Miraldi attributes Hersh's aggressive style to his beginnings on the police beat for the Chicago News Bureau, a gritty atmosphere where fistfights over stories were not unusual. The hardboiled scribe makes no secret about being abnormally competitive and lets on that making money is vital to his cause. Chagrined by the seven-figure book deals of his biggest big-league rival, Hersh remarked, "I'm pathological on the subject of [Bob] Woodward's money." Although forced onto the Watergate trail by his editor, Hersh promptly exposed a White House cover-up taking place right under Woodward and Bernstein's noses, as their "president's men" stories were first appearing. Miraldi observes that Hersh in the Times did as much as the famed Washington Post duo to end Nixon's regime.

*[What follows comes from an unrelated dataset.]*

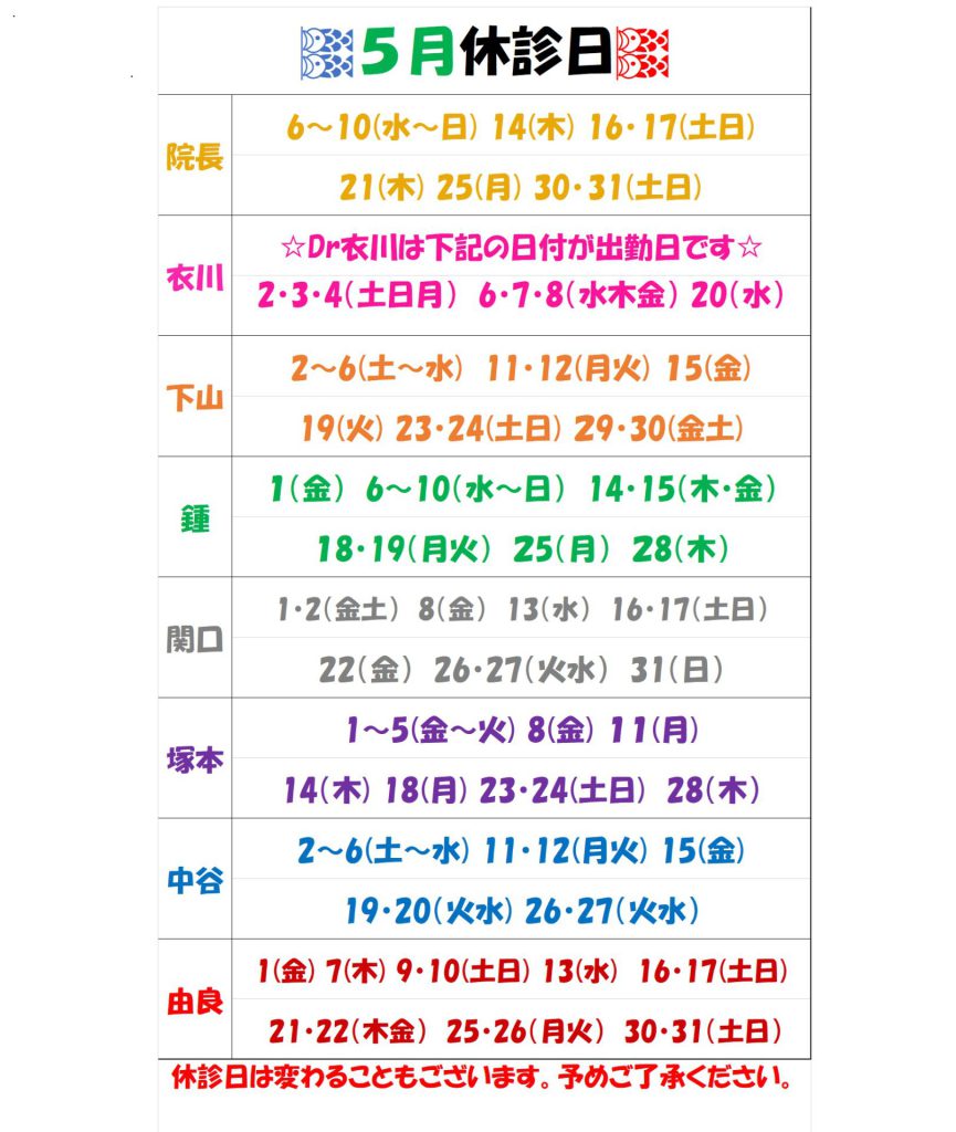 お知らせ TOP新着情報一覧お知らせ先生の休診日5月 先生の休診日5月 2026.4.15 休診日は変更になる場合がございます。ご了承下さい。 担当医がお休みでも他の先生で拝見できる場合がございますので、一度お電話にてお問合せ下さい。 ご連絡お待ちしております。

Hersh's articles typically give a measured agglutination of facts and only sparse analysis. His methods of plying sources and piecing together vetted fragments are largely unfathomable. He denies a political agenda, though his general views on war became evident early on; he once commented, "We don't fight wars any better than the 'nips' and the 'krauts.'" The rules of engagement recur as a theme in his reporting, with the United States repeatedly shown as a bully who all but fabricates a provocation. Guiding us through Hersh's muckraking victories, Miraldi conjures a vision of the highest possible stakes, amply quoting fourth-estate eminences such as Anthony Lewis and James Reston. Shying away from platitudes, Miraldi's Hersh tells it straight: "I guarantee that we in the press have as good a sense of what's important and what's good for America as the people in the CIA."